Provided data:
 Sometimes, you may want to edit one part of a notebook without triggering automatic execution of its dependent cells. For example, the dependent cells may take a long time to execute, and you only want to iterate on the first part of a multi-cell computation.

--

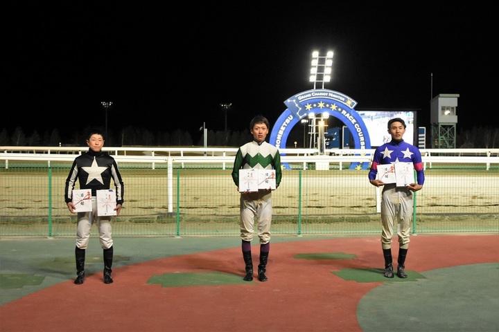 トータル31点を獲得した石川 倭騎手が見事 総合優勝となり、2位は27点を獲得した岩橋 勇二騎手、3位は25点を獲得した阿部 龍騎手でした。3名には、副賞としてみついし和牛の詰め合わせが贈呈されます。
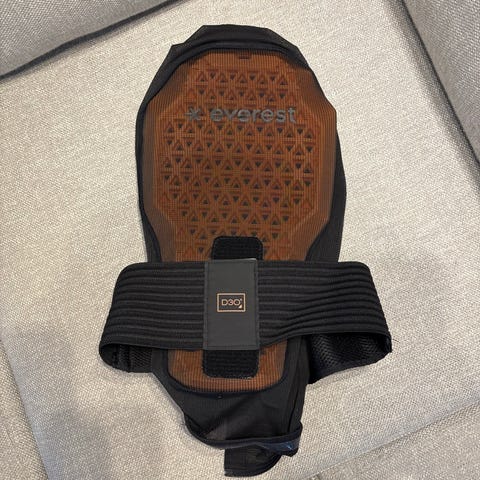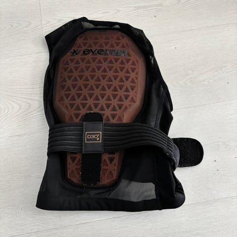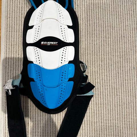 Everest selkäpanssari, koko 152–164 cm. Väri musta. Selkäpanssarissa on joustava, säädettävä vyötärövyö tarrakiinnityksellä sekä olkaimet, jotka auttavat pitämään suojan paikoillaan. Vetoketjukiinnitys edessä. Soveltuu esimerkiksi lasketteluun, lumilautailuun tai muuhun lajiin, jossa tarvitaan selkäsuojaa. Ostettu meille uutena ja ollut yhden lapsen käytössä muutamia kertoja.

The problem: Print exactly, with no pictures, the lines above from the one that holds "トータル31点を獲得した石川 倭騎手が見事 総合優勝となり、2位は27点を獲得した岩橋" through the one that holds "Everest selkäpanssari, koko", both of them included.

Exercise output:
 トータル31点を獲得した石川 倭騎手が見事 総合優勝となり、2位は27点を獲得した岩橋 勇二騎手、3位は25点を獲得した阿部 龍騎手でした。3名には、副賞としてみついし和牛の詰め合わせが贈呈されます。
 Everest selkäpanssari, koko 152–164 cm. Väri musta. Selkäpanssarissa on joustava, säädettävä vyötärövyö tarrakiinnityksellä sekä olkaimet, jotka auttavat pitämään suojan paikoillaan. Vetoketjukiinnitys edessä. Soveltuu esimerkiksi lasketteluun, lumilautailuun tai muuhun lajiin, jossa tarvitaan selkäsuojaa. Ostettu meille uutena ja ollut yhden lapsen käytössä muutamia kertoja.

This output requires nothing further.